(Beginning of Entries shown)

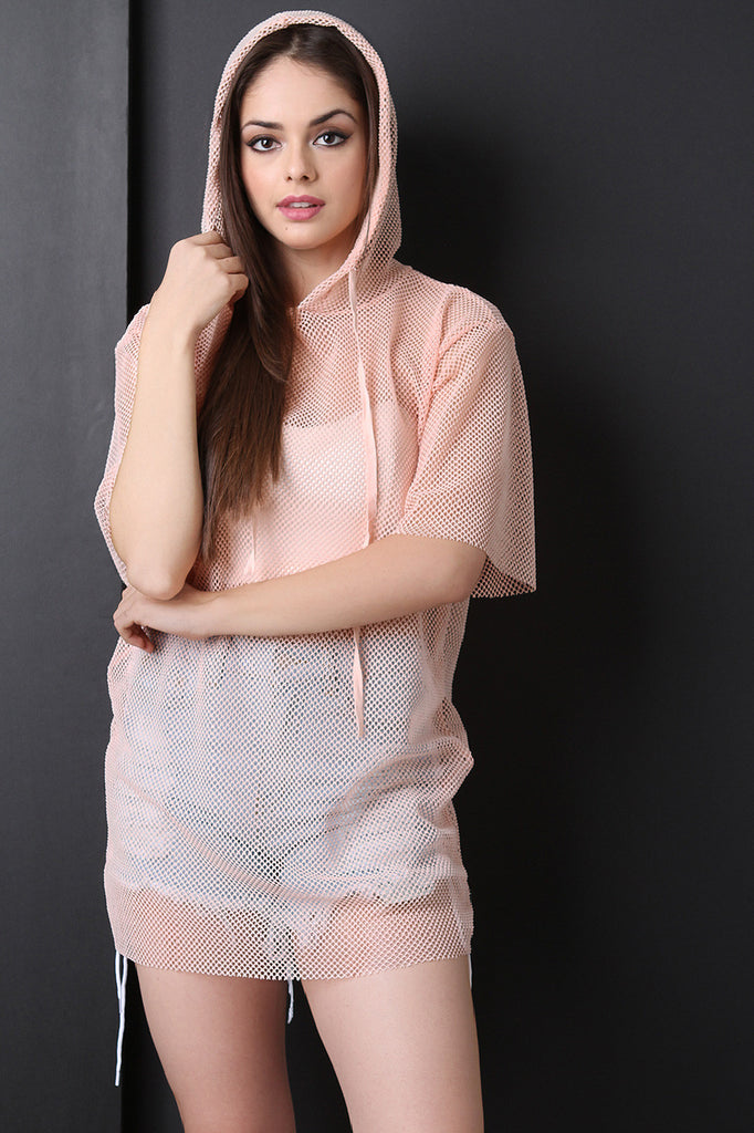 This semi-sheer dress features a netted design, drawstring hood, and short sleeves. Finished with a boxy-cut fit and raw hemline. Accessories sold separately. Made in U.S.A. 100% Polyester.
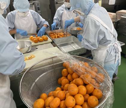 マーマレード焼きは、塩、こしょう、白ワイン、醤油、マーマレード、粒入りマスタードを混ぜ合わせて、鶏肉を漬け込んでオーブンで焼きました。とっても美味しく焼き上がりました。果物は、カラマンダリンです。温州みかんとマンダリンを掛け合わせて誕生したみかんです。
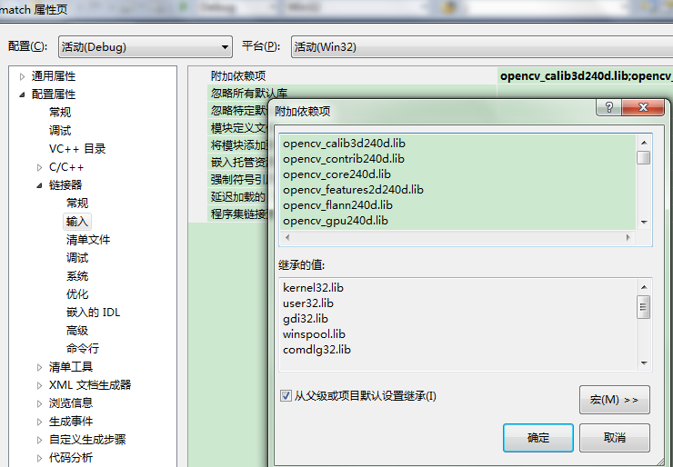 d输入 opencv_core244.lib;opencv_highgui244.lib;opencv_imgproc244.lib
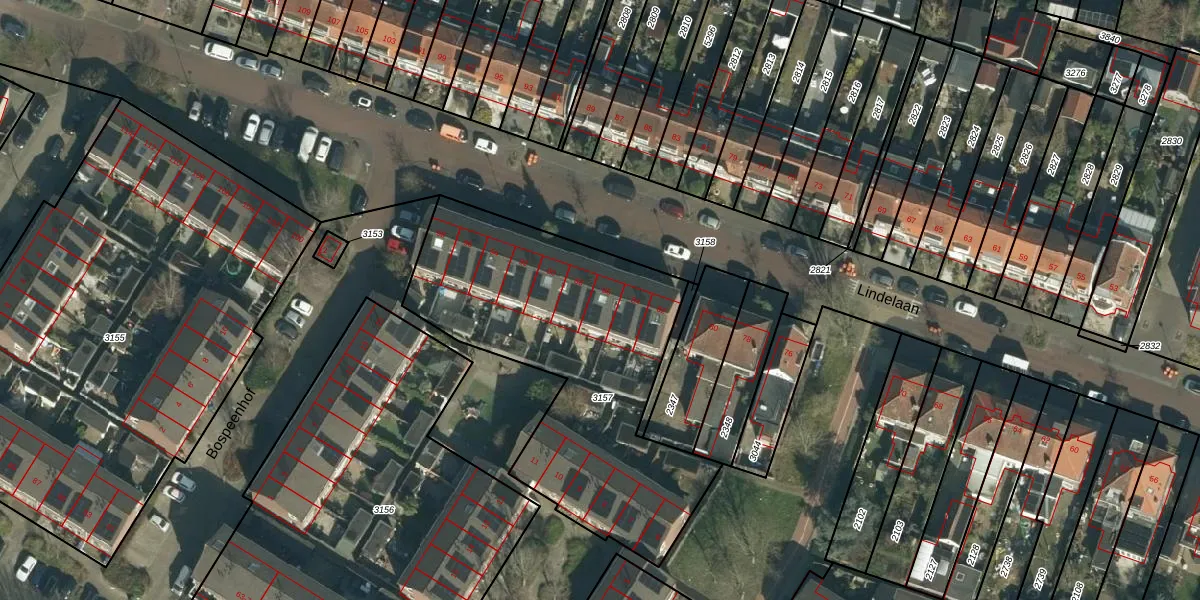 Het perceel waarop Lindelaan 86 staat heeft een oppervlakte van 1531 m². Dit is een zeer groot perceel. De perceeloppervlakte wordt geregistreerd door het Kadaster. Gedetailleerde informatie over de maten van dit perceel kunt u vinden in het rapport Kadastrale kaart met maatvoering van Lindelaan 86.
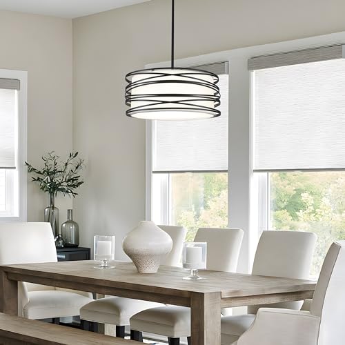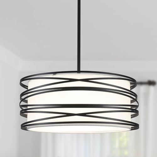 ?Unique Design & Wide Application?Elegant black and white double-layer drum chandelier is perfect to match the modern or retro home style. We recommend you purchasing one to place in living room, entryway, hallway, foyer. Two or three for areas such as kitchen islands or dining room.Adding more interest to your home!

(End of Entries shown)

* Task statement *
Please reprint the whole listing exactly and omit its pictures.

* Solution to this task *
 This semi-sheer dress features a netted design, drawstring hood, and short sleeves. Finished with a boxy-cut fit and raw hemline. Accessories sold separately. Made in U.S.A. 100% Polyester.
 マーマレード焼きは、塩、こしょう、白ワイン、醤油、マーマレード、粒入りマスタードを混ぜ合わせて、鶏肉を漬け込んでオーブンで焼きました。とっても美味しく焼き上がりました。果物は、カラマンダリンです。温州みかんとマンダリンを掛け合わせて誕生したみかんです。
 d输入 opencv_core244.lib;opencv_highgui244.lib;opencv_imgproc244.lib
 Het perceel waarop Lindelaan 86 staat heeft een oppervlakte van 1531 m². Dit is een zeer groot perceel. De perceeloppervlakte wordt geregistreerd door het Kadaster. Gedetailleerde informatie over de maten van dit perceel kunt u vinden in het rapport Kadastrale kaart met maatvoering van Lindelaan 86.
 ?Unique Design & Wide Application?Elegant black and white double-layer drum chandelier is perfect to match the modern or retro home style. We recommend you purchasing one to place in living room, entryway, hallway, foyer. Two or three for areas such as kitchen islands or dining room.Adding more interest to your home!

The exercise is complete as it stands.